Proof of concept study
Study design
GH-treatment-naïve patients with AGHD, defined according to GH Research Society criteria [
3], under the care of endocrinologists, were enrolled into a prospective, observational, non-interventional, multicentre proof of concept study.
The indication and clinical decisions regarding GH replacement (Norditropin® [somatropin, recombinant human GH], Novo Nordisk A/S, Denmark) were made by the treating physician according to usual clinical practice. GH-treated patients were compared with patients in whom no treatment was initiated; the decision not to initiate GH replacement was taken jointly by the patient and the physician. The study was performed in accordance with the Declaration of Helsinki [
21]. Ethical permissions were obtained from the Ethical Commission of the Chamber of Physicians of the German Federal State of Hessia. Informed consent was obtained from all study participants.
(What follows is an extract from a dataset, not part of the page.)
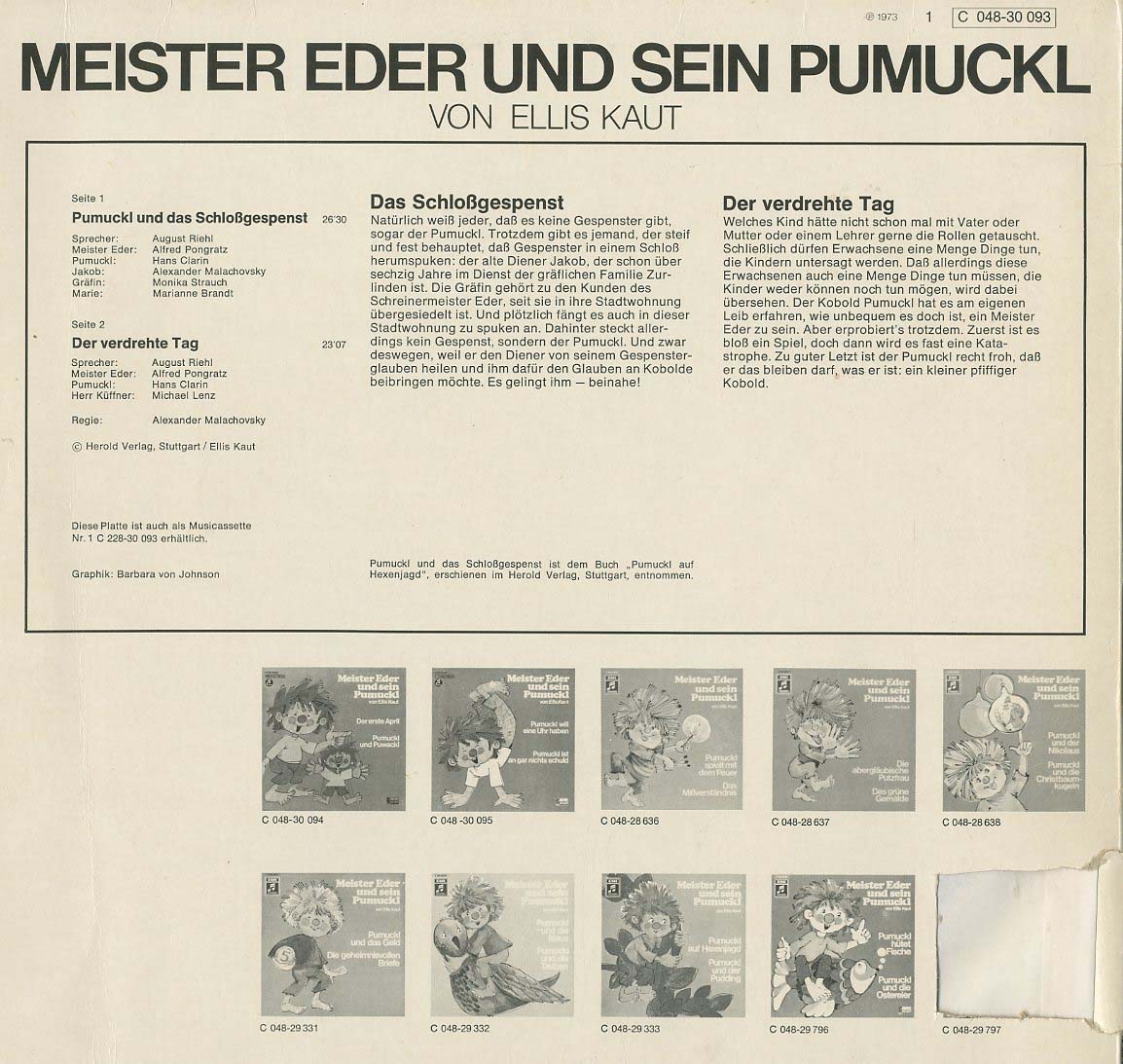 Discographie von Meister Eder und sein Pumuckl![]() EMI Columbia 1 C048-30 093 Meister Eder und sein Pumuckl Pumuckl und das Schloßgespenst / Der verdrehte Tag Eintrag bei DISCOGS (extern) D 1973, LP, Soundtracks Aufnahme: Stereo Zustand: vg+ / vg- (Rückseite ein kl. Foto ausgeschnitten) Diese Platte ist zur Zeit vergriffen. | ![]() Coveransicht: Meister Eder und sein Pumuckl - Pumuckl und das Schloßgespenst / Der verdrehte Tag ![]()

The study recruitment period was originally planned for 24 months, but extended to 36 months due to limited recruitment. Participation commenced at visit 1, when baseline data were collected and GH treatment was initiated in the treatment group. Interim follow-up visits (visits 2–4) were planned for approximately every 6 months, but occurred at varying intervals, and the participants’ involvement concluded at visit 5. If the patient prematurely discontinued participation, the last interim visit became the final visit. Duration of follow-up was calculated as days between first and last visit.
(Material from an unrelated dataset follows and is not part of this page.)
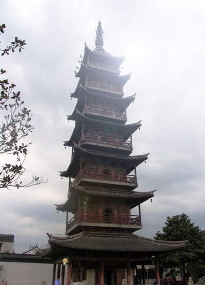 延福教寺,位于昆山市千灯镇,创建于梁天监二年(公元503年),距今已有1500多年历史。当初千灯人王束舍宅,僧从义开山建寺。五代开平二年(公元908年)重修寺院,赐名为“延福禅寺”。后晋天福二年(公元937年),敕赐“波若寺”。宋大中祥符元年(公元1008年)真宗赵恒皇帝改赐“延福教寺”。 僧从义在建寺当初,同时建浮图七级。因其位于秦柱山阳,故名其为“秦柱峰”,又称“释迦佛塔”,后人称之“秦峰塔”或“千灯塔”。该塔于宋大中祥符元年重建。寺塔屡毁屡修。1956年,千灯秦峰塔被列为江苏省文物保护单位。

The inclusion criteria for data analysis were availability of baseline demographic data (gender, date of birth), information about GH therapy for treated patients and at least one of four follow-up visits.
The GET score was calculated, and if there were too few parameters to provide a total weighting of ≥70%, the GET score was set to missing. In the proof of concept study, IGF-I concentrations were measured mainly as a parameter for plausibility, verifying whether GH had or had not been administered. IGF-I was assessed centrally using the iSYS automated chemiluminescent IGF-I assay (Immunodiagnostic Systems Ltd., Boldon, UK). The assay employs two monoclonal antibodies and is calibrated against WHO International Standard 02/254 (National Institute for Biological Standards and Control, Hertfordshire, UK) [
22].
Statistical analysis
In observational studies, clinical practice is reflected in missing values, missing visits and fewer untreated controls than treated patients, thereby providing unbalanced data; therefore, a repeated measures model was found to be the most appropriate method to analyse the available data. The study sample size was determined by the ability to recruit patients within the study period. By using the repeated measures multiple regression model for the GET score analysis, correlation of data within the individual patient were taken into account when patients were observed at several visits over time within the study period. Any overall differences between the mean GET score of the two groups in the full study period could be detected. Due to the ageing of the patients over the study period, deterioration over time could potentially occur in the parameters included in the GET score, therefore untreated controls versus treated patients were evaluated.
The model included treatment group (control and treated), visit, and the interaction term between visit and treatment as explanatory variables. Gender, age and treatment duration were also included in the model to adjust for potential differences in patient characteristics in the two groups. The overall difference in GET score between control and treated groups in the full study period was estimated by least squares means (LSM). Missing data were handled by the repeated measures model when evaluating the GET score and were considered missing completely at random. Descriptive statistics were applied for all parameters and data are presented as mean ± SD, unless otherwise stated. Statistical analysis was performed using SAS v9.4 (SAS Institute Inc., Cary, North Carolina, USA).